In deciding who should get the drugs, “I think there’s a principal and we should say it, that we take care of our own nationals first,” said Dr. Arthur Caplan, director of the Division of Medical Ethics at New York University.
Case in point: U.S. soldiers in Africa.
“No one should doubt that anybody who gets exposed among those troops, they’re going to get special care,” he said. “I can tell you now there won’t be any tossing of coins or debates behind closed doors.”
But most ethicists, even Caplan, seem to agree that health care workers in West Africa should be at the front of the line, even before patients.
“Just for this outbreak,” said Dr. Robert Garry Jr., a professor of microbiology and immunology at the Tulane University School of Medicine. “Because you need to break this outbreak transmission chain, so you need to be able to protect the health care workers so they can get in there and do their jobs.”
Caplan said that health care workers would be more likely to volunteer in West Africa if they knew they’d be prioritized for experimental medicines should they become infected.
But Danis said putting health care workers first “could be perceived as unfair by the public.”
“Others would say non-health care workers got sick through no fault of their own, so why should they be penalized and have to go second?” she asked rhetorically.

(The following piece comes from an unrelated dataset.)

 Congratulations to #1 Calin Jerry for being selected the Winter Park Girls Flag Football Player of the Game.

In the case of younger patients vs. older ones, Garry said the medicines should go to the patients who had the best chance to survive.
“Unfortunately, with this disease, the older you are, the less your chance of surviving, so there’s definitely an age bias,” Garry said. “The younger person would have the better chance of surviving.”

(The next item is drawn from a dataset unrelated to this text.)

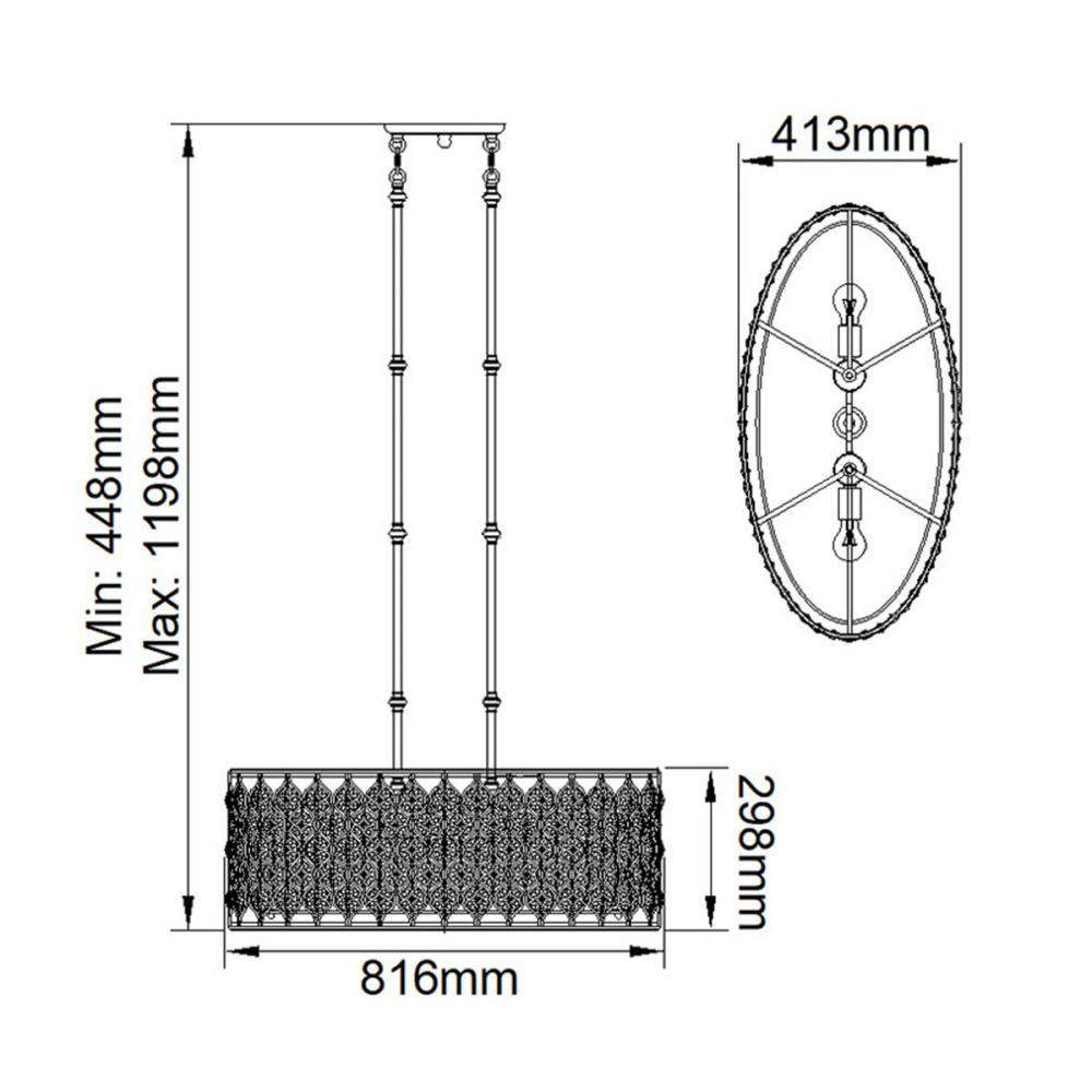 A lámpa vászonernyőket és elegánsan kidolgozott üveg alsó diffúzorokat tartalmaz.

Caplan and Garry agreed that newly infected patients should get experimental medications ahead of those with more advanced infections, since the medications are likely to be more effective against a new infection.
But Danis said some may assert that people more likely to identify their infections early are those with the most family support and money, “so you will end up giving it to people who are, to start with, more advantaged,” she said.
These issues, Danis said, point out the importance of having a fair and transparent strategy for deciding such questions, “meaning you should have input from all stakeholder groups” in deciding how experimental medications are distributed.
Equally important, Caplan said, is sharing with the public the rationale behind those decisions, because apparent disparities distributing the medication could create even more problems.
“If you want to keep public trust, you’d better be explaining why things might be different from case to case,” Caplan said. “In an epidemic, or when you have fears of one coming, you’ve really got to keep public trust, and the only way to do that, I think, is to give out more information than usual.”